Examenstandaard 2: Afname en beoordeling
• De PvB’s bevatten de taken die de student als beginnend beroepsbeoefenaar in het toekomstige beroep uitvoert, afgestemd op het kwalificatiedossier. De werkomstandigheden en de sociale context (verschillende rollen en taken) tijdens de beoordeling van het examen komen zoveel mogelijk overeen met de situatie in het toekomstige beroep.

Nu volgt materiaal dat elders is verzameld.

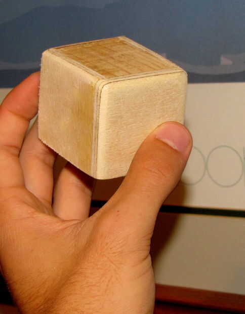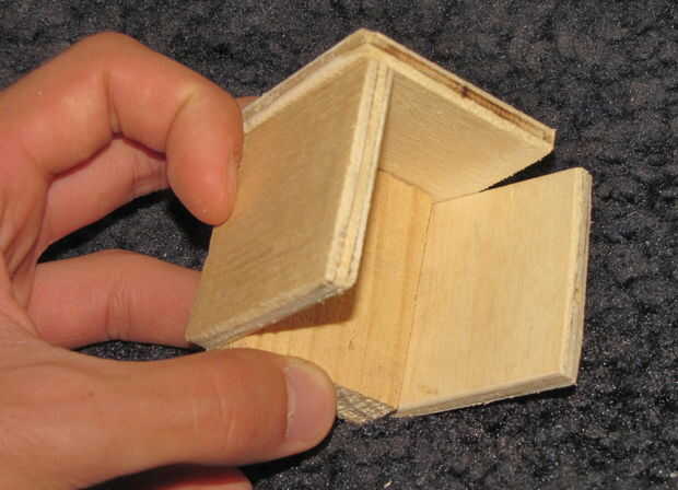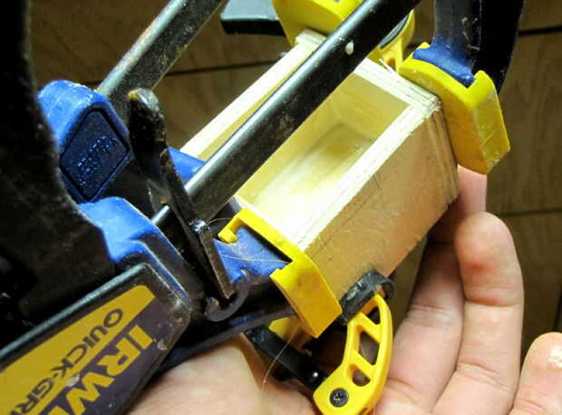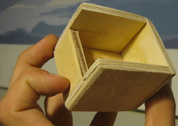 Al igual que cualquier otra cosa, el robot de Instructables tiene una cabeza robusta. En este paso nos va ser Juntándolo! Necesita reunir más madera de pulgadas de trimestre primero. Cortar la madera para que tenga tres cuadrados de 2 pulgadas de la cara y dos caras, una de 1.5" por 1.75" rectángulo de la parte superior y uno más 1.5" por 1" rectángulo para la parte de atrás. Ajuste estas juntos y asegúrese de que pueden formar una cabina agradable como muestra la imagen. Debe dejar un extremo abierto del cubo, por lo que puede caber en la parte superior de su compañero de escritorio. Ahora que tienes todas las piezas juntas, es hora de cola para arriba! Hacer este paso tanto como la última de ellas con pegamento de madera. Asegúrese de que una vez tienes el pegamento y las piezas muy bien situadas para abrazadera todos juntos y dejar que se sequen por un tiempo. Después se seca la pieza, las piezas deben estar listas para pulir. Biselados los bordes de la cabeza para que se vea un poco mejor. Ahora estás listo para empezar a hacer la bisagra entre el torso y la cabeza!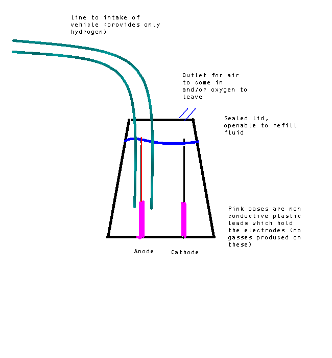 In response to the previous response, I know what you mean, but that would require redesigning the electrolysis apparatus. It's currently built so that the electrodes are positive and the stainless steel container is grounded. The electrodes hang from a stainless steel cap at the top which also holds an outlet for the gas to be transfered into a vacuum line of the engine.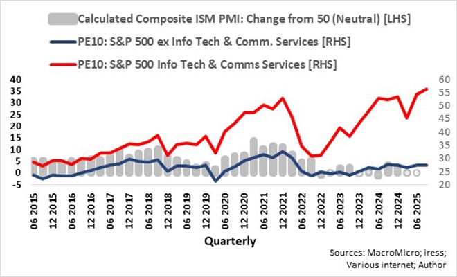 It appears that the S&P PE10’s smoothed annualised rate since 2023 was mostly driven by the information technology and communications services sectors combined because the other components of the S&P 500 merely reflected the improved conditions in the services sector of the economy, with the composite ISM PMI (calculated in the ratio of 20% manufacturing and 80% services) recovering modestly in 2024.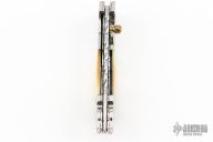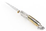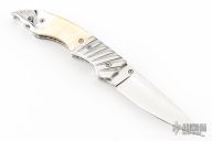 This linerlock by Appaloosa Knives features a mirror finished blade with fileworked spine and a single brass thumbstud with gold lip pearl inlay. The handle has polished and carved stainless steel bolsters, gold lip pearl scales, fileworked stainless steel liners and backspacer with gold lip pearl inlays. Nice detent, lockup and blade seating. Has a few light scratches, otherwise excellent condition.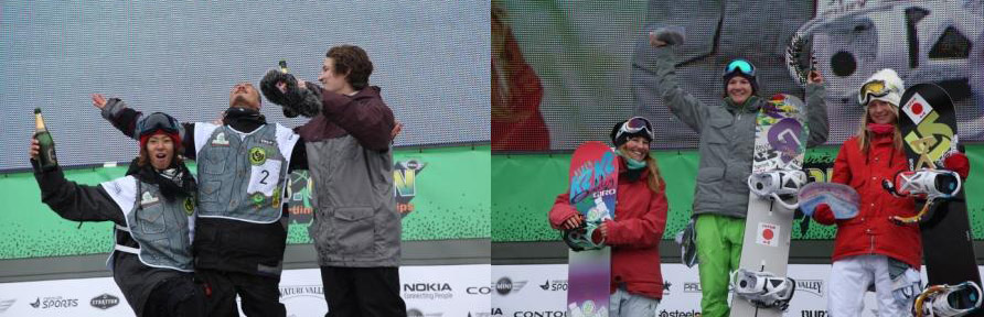 The day kicked off with the women’s halfpipe finals where hometown hero Kelly Clark (USA) stole the show in one of the most exciting women’s finals of the season. All the girls came out swinging from their first run, but Kelly took a healthy lead from the beginning with a score of 91.05. Fellow Vermonter and Olympic gold medalist Hannah Teter tried to catch Kelly and went big and technical in her second run, starting out with a huge method followed by a frontside 900 stalefish, a backside 540 melon grab and a frontside 720 stalefish. But Kelly kept topping her own scores, earning the best result with her victory lap. Kelly’s highest scoring run started out with a huge 900 indy grab, a backside 540 mute grab and the only stomped 1080 in the women’s finals. Kelly has had one of the best seasons in the history of snowboarding, and her win today made this her eighth consecutive victory for the season.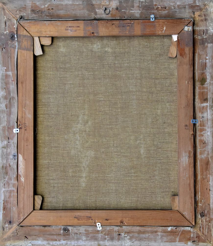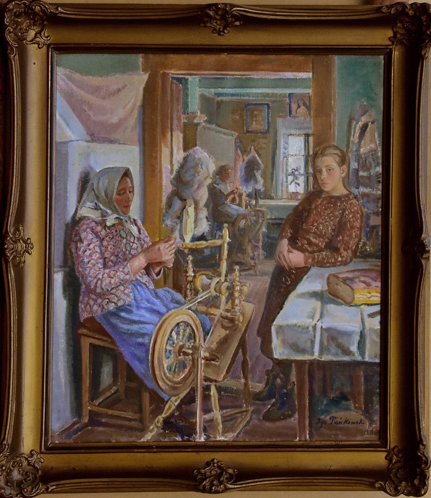 Na krosnach stempel Składu Papieru R. Aleksandrowicz, Kraków, Basztowa 14, oraz stempel Domu Handlowo-Komisowego, obrazy, dywany, antyki itp., Kraków Szpitalna 11 róg św. Tomasza, do obrazu dołączony rachunek zakupu obrazu "Prządki", wystawiony przez Dom Handlowo-Komisowy z Krakowa, z datą 3.5. (19)40.
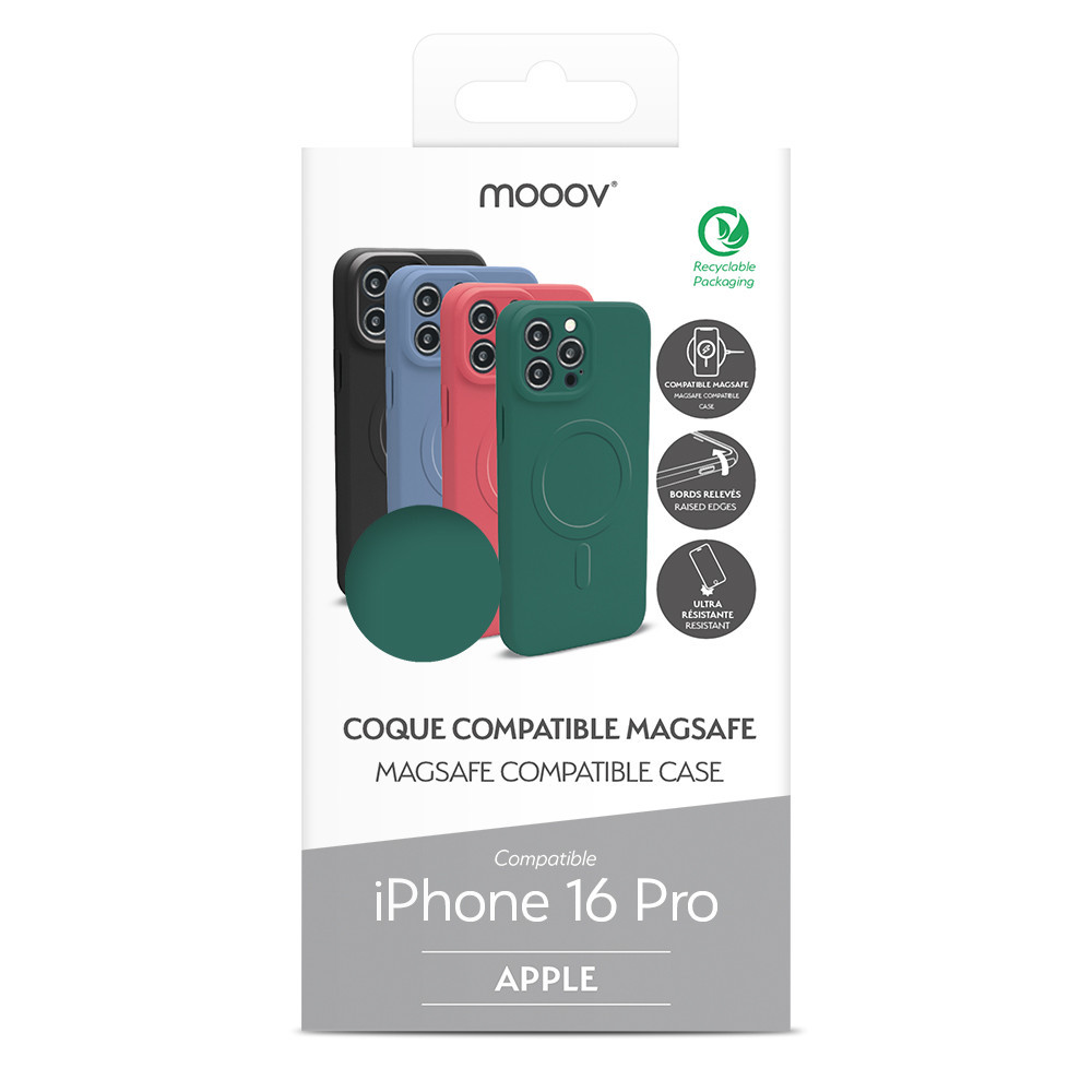 Cette coque compatible avec la technologie MagSafe assure un maintien et une position optimale du chargeur MagSafe pour une recharge rapide de votre iPhone compatible Magsafe. Cette coque est adaptée à l'utilisation de nos chargeurs MagSafe. Souple sur les côtés et rigide au dos, elle est conçue pour absorber les chocs du quotidien et protéger votre mobile contre la saleté et les rayures. Cette coque épousera parfaitement la forme de votre mobile en laissant un accès facile à tous les ports et fonctions utilisateur.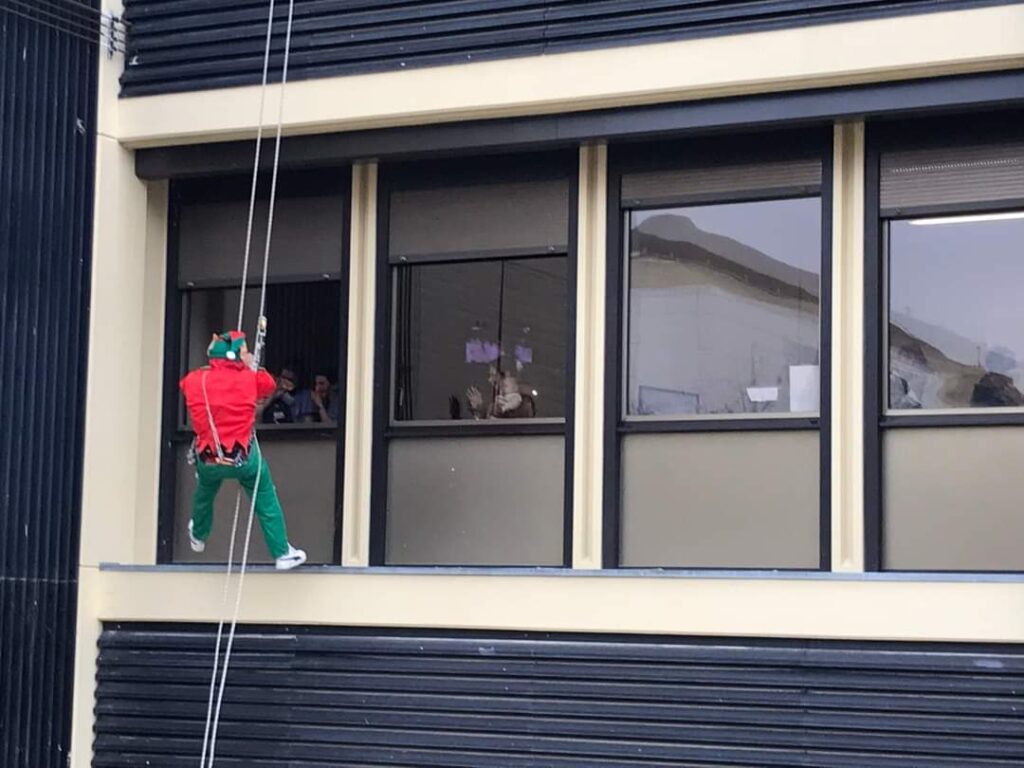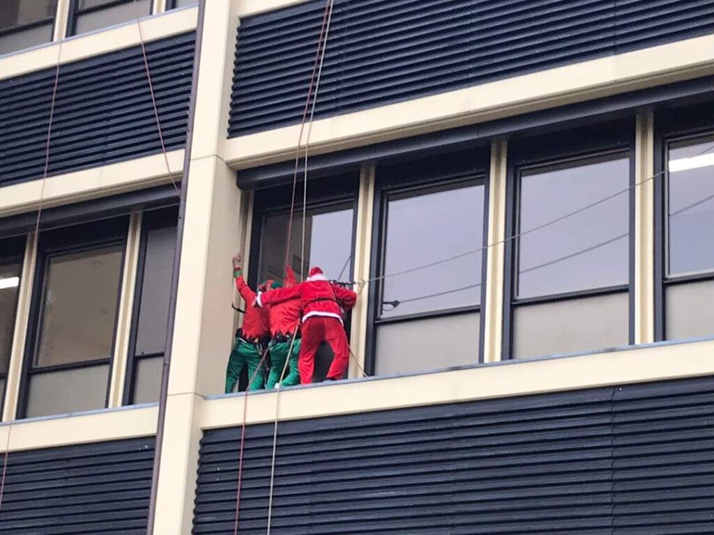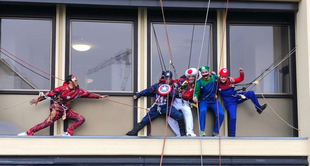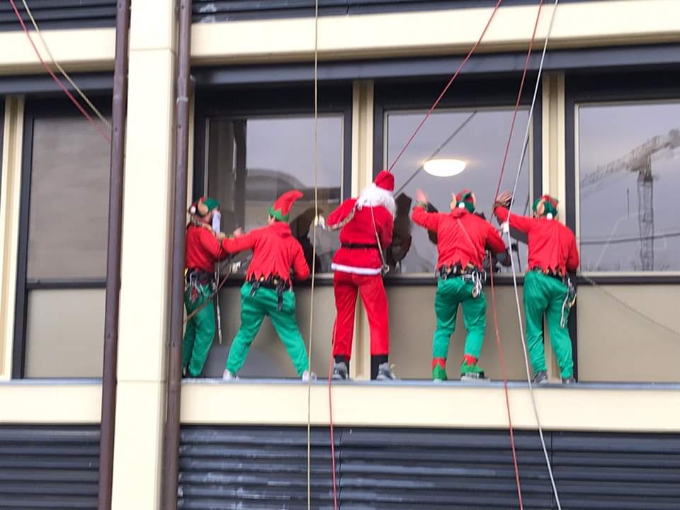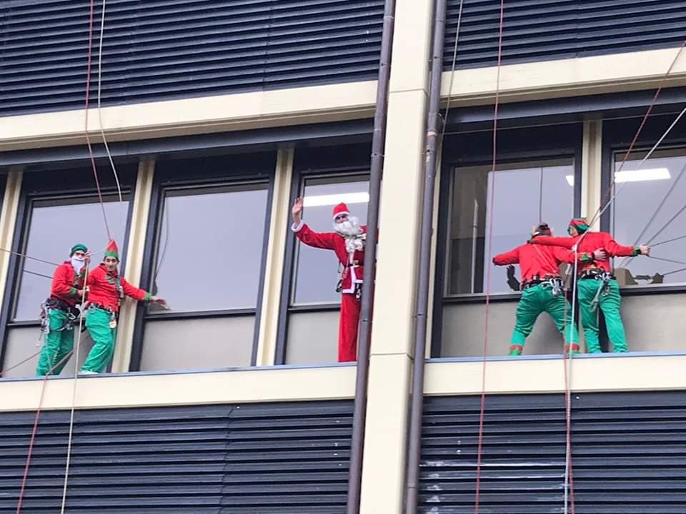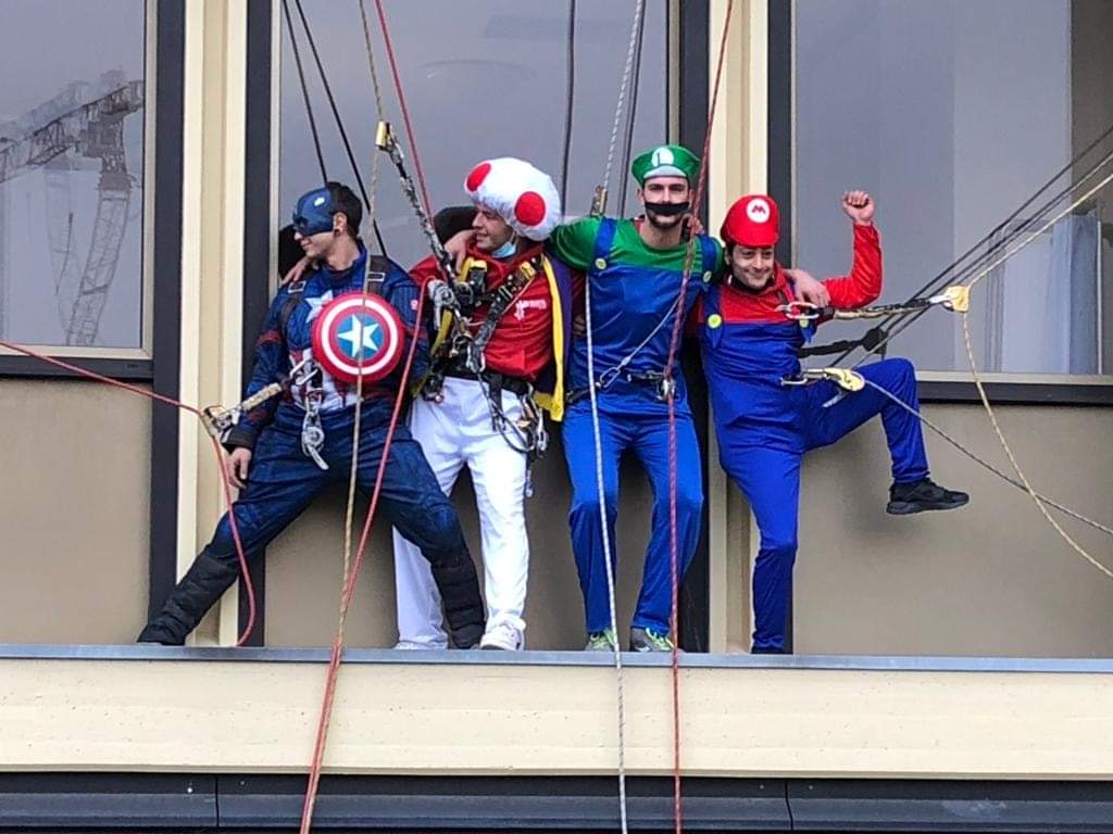 La squadra di supereroi acrobatici ha infatti scalato le pareti del padiglione Petracco. I funambolici eroi si sono affacciati alle finestre delle camerette e i piccoli ricoverati si sono trovati così faccia a faccia con Superman, Batman, l'Uomo Ragno e i loro amici, vivendo un'esperienza indimenticabile.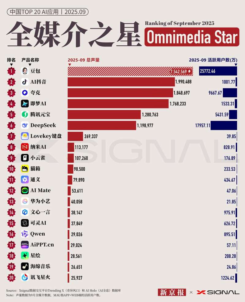 - 2025-10-26新京报联合Xsignal发布9月“全媒介之星”中国AI应用榜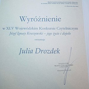 9 marca 2026 r. w Muzeum Józefa Ignacego Kraszewskiego w Romanowie odbył się finał konkursu "Józef Ignacy Kraszewski – jego życie i dzieło". Reprezentanci 8 szkół średnich z terenu województwa lubelskiego mieli za zadanie odpowiedzieć na 30 pytań otwartych z zakresu biografii i twórczości autora "Starej baśni". Podczas wydarzenia była możliwość obejrzenia wystawy stałej i czasowej pt. "Gdzie pisarz mieszka, czyli z wizytą u literatów" oraz wysłuchania koncertu w wykonaniu uczniów Zespołu Szkół Muzycznych I i II stopnia w Białej Podlaskiej. I Liceum Ogólnokształcące w Radzyniu Podlaskim reprezentowała Julia Drozdek z klasy 1b, która została przygotowana przez panią Małgorzatę Wójcik. Kapituła konkursu przyznała Julii wyróżnienie.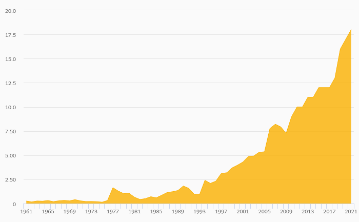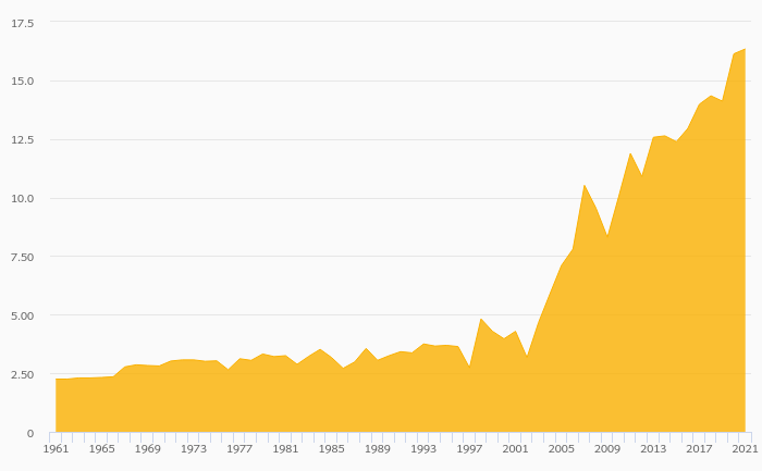 Onion Consumption Per Capita rose 1.30% to 16.3 kg in India in 2021
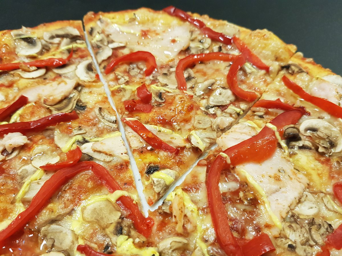 Pomidorų padažas, fermentinis sūris, pievagrybiai, vištienos filė, šoninė, svogūnai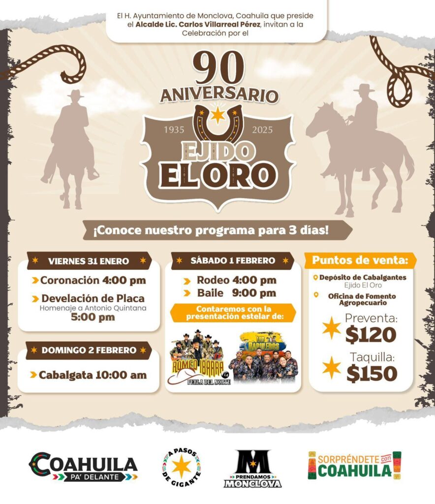 El Gobierno Municipal de Monclova invita a todas las familias a sumarse a esta celebración que no solo honra la identidad y la historia del Ejido El Oro, sino que también fortalece los lazos comunitarios y promueve el apoyo mutuo. «Esperamos ver a todos disfrutando de estos tres días de fiesta, porque juntos somos más fuertes», concluyó el alcalde Villareal.

Onderdelen van het examen vinden nog niet in de reële beroepspraktijk plaats, maar in een gesimuleerde omgeving. Het werkveld is betrokken bij de simulatie (PvB) in de vorm van een rol (opdrachtgever), maar heeft bij de beoordeling slechts een adviserende taak. • De Landschapsexamencommissie ziet erop toe dat de afname en beoordeling deugdelijk zijn en verlopen zoals van tevoren is vastgelegd in de examenproducten volgens de PICO-methode (Projectmatig werken In een Competentiegerichte Omgeving). Beoordeling van prestaties is voor iedere student gelijk (beoordelingsformulieren met beoordelingsvoorschrift). • De beoordeling vindt plaats door meerdere beoordelaars (binnen de PICO-methode bestaat een rollenverdeling en er is een strikte scheiding tussen begeleiders en beoordelaars) waardoor een hoge mate van objectiviteit wordt bereikt. Voorzieningen die zijn getroffen om dat te bereiken worden bij elke PvB of examen op dezelfde wijze toegepast. • Examenopdrachten, afnamecondities en beoordelingen zijn voor alle studenten gelijk. Bij iedere proeve wordt een instructiebijeenkomst georganiseerd. • Beoordelaars zijn geschoold om op vakinhoudelijk gebied correct de vereiste kennis, houding en vaardigheden van de student te kunnen beoordelen. • De beoordelaars zijn minimaal twee docenten en een vertegenwoordiger uit het werkveld. De beoordelende docenten zijn niet de coaches van de te beoordelen studenten. Momenteel zijn er plannen om een essentieel deel van de beoordelingen in de beroepspraktijk uit te voeren via de Kwabip-methode (kwalificeren en beoordelen in de praktijk).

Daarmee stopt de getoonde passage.